Kimmel, a fight fan who is originally from Las Vegas, had previously had Pacquiao on his show.

“When (Oscar) De La Hoya was in his prime and we were doing the pay-per-view De La Hoya fights, prior to those fights, he always appeared on the Jay Leno Show,” said Bob Arum, founder and CEO of Top Rank, which promotes Pacquiao. “Manny has forged a close bond with Jimmy Kimmel, who is a lot younger and more hip than Leno. Manny has been treated real well by Jimmy Kimmel; there’s chemistry between them, and I think Manny looks forward to being on the Jimmy Kimmel show prior to his fights.”

In the ring, where Pacquiao has simply been untouchable in recent years, he is an eight-division champion who is riding a 13-match winning streak dating back to 2005.

Pacquiao, who is a -750 betting favorite (gamblers would win $1 for every $7.50 wagered), could add to his legacy against Mosley. The hard-hitting Mosley, who has won titles in three separate divisions and has an impressive 46-6-1 record, has never been knocked out in his career — a fact the Pacquiao camp is well aware of.

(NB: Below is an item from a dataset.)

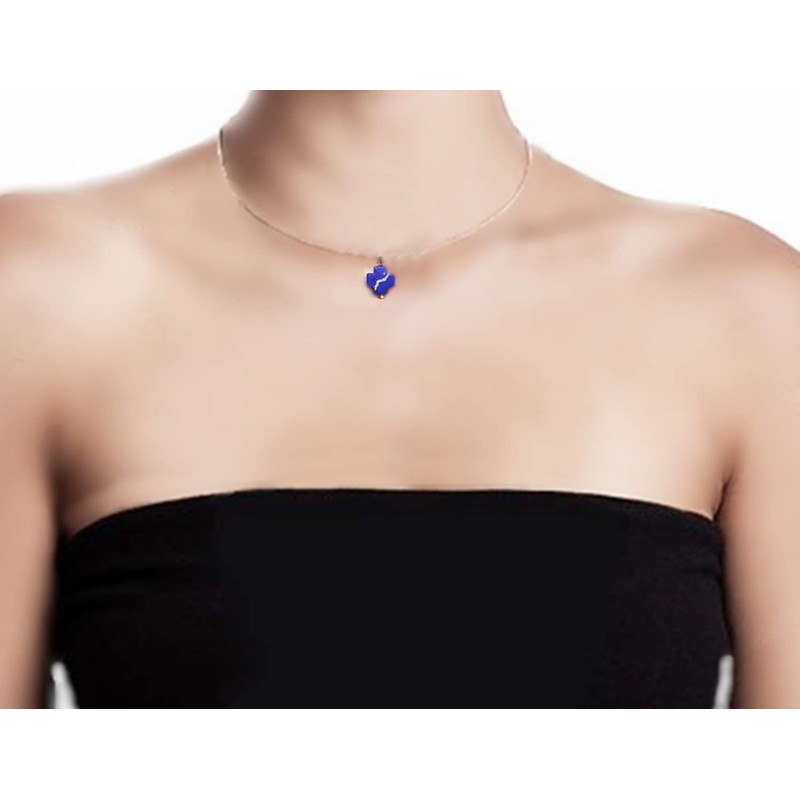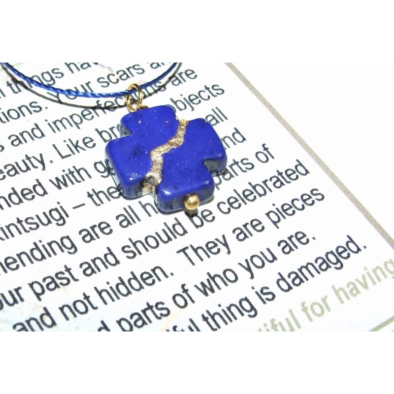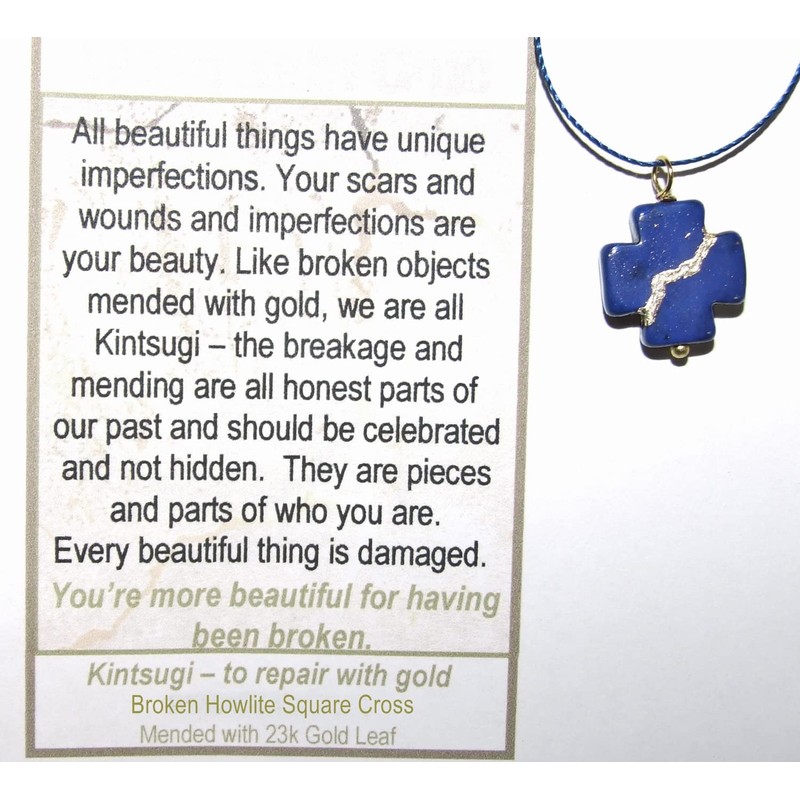 A beautiful dainty 16mm smooth kintsukuroi "mended square cross" rich blue howlite pendant has been simply hung on a silky soft yet unbreakable silk-like cord. It feels smooth and cool against the skin.

“Shane’s a tough guy, a very durable guy,” said Freddie Roach, Pacquiao’s trainer. “It would be incredible for Manny to be the first one to stop him and just prove to the world how much better he is than that guy that couldn’t stop him (Floyd Mayweather, Jr.).”

Still, Pacquiao isn’t eyeing a knockout and knows the fight could go the distance.

“We’re not focused for the knockout,” he said. “All we do is work hard, and if the knockout comes, it comes. We’ve prepared ourselves for fighting 12 rounds.”